● **WHAT THIS TASK INVOLVES**
The answer is the data repeated in full, with no pictures included.

● **INFORMATION PROVIDED**
--- START ---

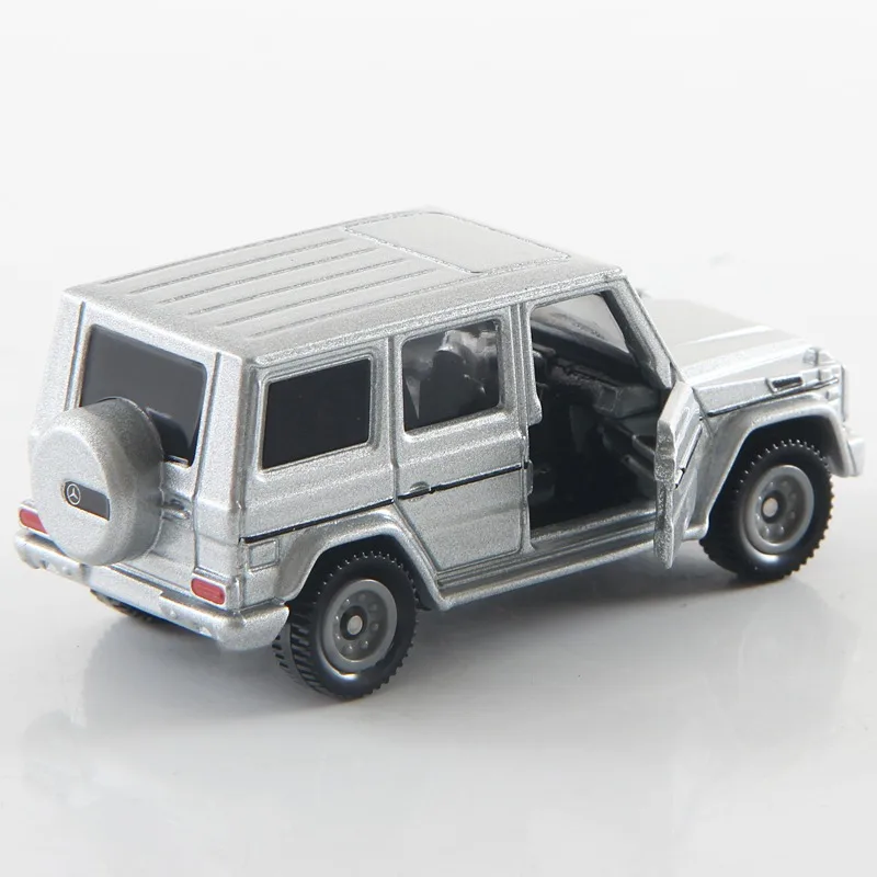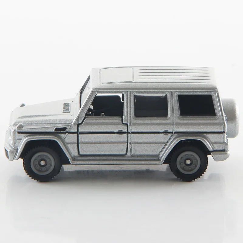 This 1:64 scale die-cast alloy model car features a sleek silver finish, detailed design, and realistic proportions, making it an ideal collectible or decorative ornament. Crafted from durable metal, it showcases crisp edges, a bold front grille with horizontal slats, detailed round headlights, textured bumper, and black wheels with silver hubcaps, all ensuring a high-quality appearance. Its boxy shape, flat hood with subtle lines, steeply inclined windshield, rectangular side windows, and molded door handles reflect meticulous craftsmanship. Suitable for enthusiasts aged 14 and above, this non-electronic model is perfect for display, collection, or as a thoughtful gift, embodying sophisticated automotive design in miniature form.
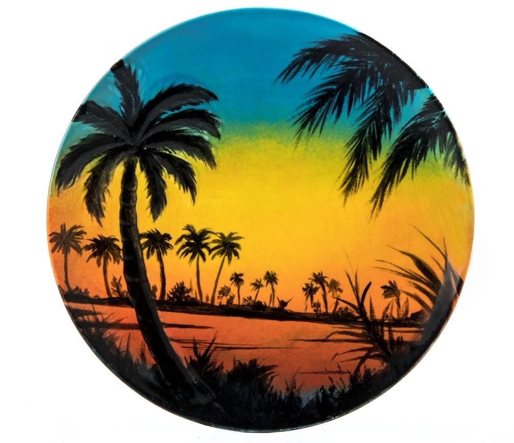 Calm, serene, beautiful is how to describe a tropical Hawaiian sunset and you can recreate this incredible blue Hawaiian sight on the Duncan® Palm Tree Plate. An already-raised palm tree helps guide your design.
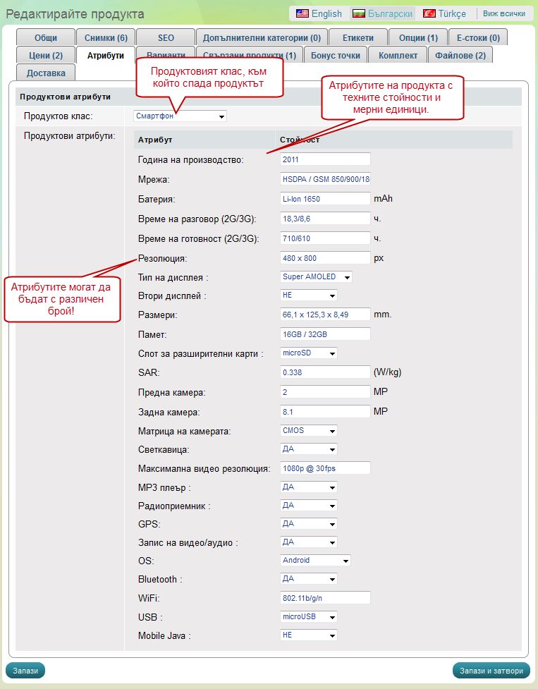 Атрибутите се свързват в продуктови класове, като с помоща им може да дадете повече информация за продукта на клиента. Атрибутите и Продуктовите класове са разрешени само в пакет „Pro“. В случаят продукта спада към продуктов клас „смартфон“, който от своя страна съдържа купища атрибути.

--- END ---

● **WRITTEN SOLUTION**
 This 1:64 scale die-cast alloy model car features a sleek silver finish, detailed design, and realistic proportions, making it an ideal collectible or decorative ornament. Crafted from durable metal, it showcases crisp edges, a bold front grille with horizontal slats, detailed round headlights, textured bumper, and black wheels with silver hubcaps, all ensuring a high-quality appearance. Its boxy shape, flat hood with subtle lines, steeply inclined windshield, rectangular side windows, and molded door handles reflect meticulous craftsmanship. Suitable for enthusiasts aged 14 and above, this non-electronic model is perfect for display, collection, or as a thoughtful gift, embodying sophisticated automotive design in miniature form.
 Calm, serene, beautiful is how to describe a tropical Hawaiian sunset and you can recreate this incredible blue Hawaiian sight on the Duncan® Palm Tree Plate. An already-raised palm tree helps guide your design.
 Атрибутите се свързват в продуктови класове, като с помоща им може да дадете повече информация за продукта на клиента. Атрибутите и Продуктовите класове са разрешени само в пакет „Pro“. В случаят продукта спада към продуктов клас „смартфон“, който от своя страна съдържа купища атрибути.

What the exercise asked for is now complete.